**Required work**
Repeat only the lines below that run from the line with "Этот изысканный кухонный" to the line with "The next day, while", ends included; skip every picture.

**Recorded information**
[Start of Attachment]
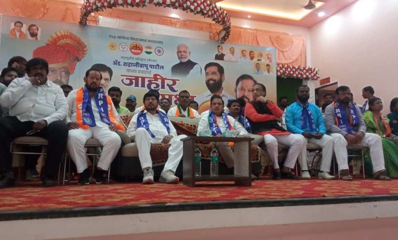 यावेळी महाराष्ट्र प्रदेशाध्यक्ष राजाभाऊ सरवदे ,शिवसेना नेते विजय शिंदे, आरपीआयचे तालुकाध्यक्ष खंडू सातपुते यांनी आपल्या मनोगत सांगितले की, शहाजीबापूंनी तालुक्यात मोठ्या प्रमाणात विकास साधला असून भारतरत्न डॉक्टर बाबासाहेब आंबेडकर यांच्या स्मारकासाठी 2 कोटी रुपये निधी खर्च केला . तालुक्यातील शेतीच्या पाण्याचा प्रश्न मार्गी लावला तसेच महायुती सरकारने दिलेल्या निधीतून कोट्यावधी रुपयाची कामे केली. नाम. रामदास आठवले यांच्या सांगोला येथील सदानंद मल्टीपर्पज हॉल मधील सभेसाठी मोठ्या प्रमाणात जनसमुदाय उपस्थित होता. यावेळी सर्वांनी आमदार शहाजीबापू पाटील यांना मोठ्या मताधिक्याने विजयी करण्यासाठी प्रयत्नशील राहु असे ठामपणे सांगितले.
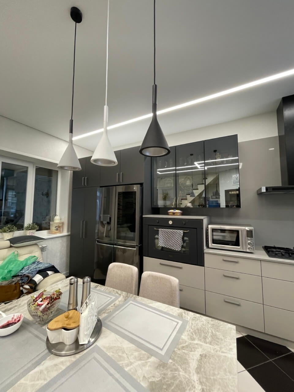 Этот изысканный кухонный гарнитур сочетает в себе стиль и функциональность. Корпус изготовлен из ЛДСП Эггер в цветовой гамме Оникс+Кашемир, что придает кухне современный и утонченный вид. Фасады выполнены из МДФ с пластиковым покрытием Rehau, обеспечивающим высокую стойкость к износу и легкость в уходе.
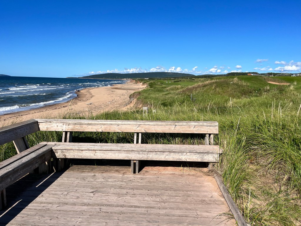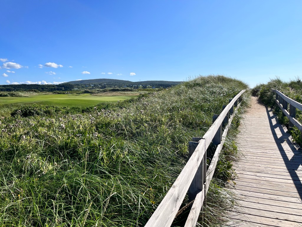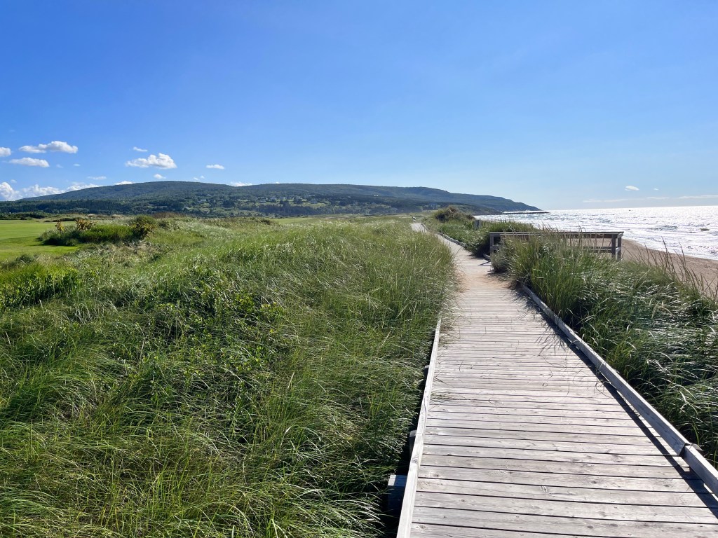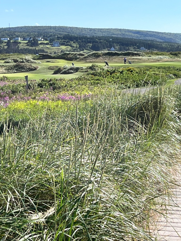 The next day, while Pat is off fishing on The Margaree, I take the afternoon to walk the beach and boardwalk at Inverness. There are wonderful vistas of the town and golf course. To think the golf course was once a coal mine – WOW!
[End of Attachment]
[Start of Attachment]
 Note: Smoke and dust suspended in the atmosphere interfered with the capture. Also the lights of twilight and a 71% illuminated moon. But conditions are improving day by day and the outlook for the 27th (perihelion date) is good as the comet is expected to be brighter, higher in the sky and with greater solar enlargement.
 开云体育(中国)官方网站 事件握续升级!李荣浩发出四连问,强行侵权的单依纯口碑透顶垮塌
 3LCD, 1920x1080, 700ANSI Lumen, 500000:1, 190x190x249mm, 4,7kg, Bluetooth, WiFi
[End of Attachment]
**Task response**
 Этот изысканный кухонный гарнитур сочетает в себе стиль и функциональность. Корпус изготовлен из ЛДСП Эггер в цветовой гамме Оникс+Кашемир, что придает кухне современный и утонченный вид. Фасады выполнены из МДФ с пластиковым покрытием Rehau, обеспечивающим высокую стойкость к износу и легкость в уходе.
 The next day, while Pat is off fishing on The Margaree, I take the afternoon to walk the beach and boardwalk at Inverness. There are wonderful vistas of the town and golf course. To think the golf course was once a coal mine – WOW!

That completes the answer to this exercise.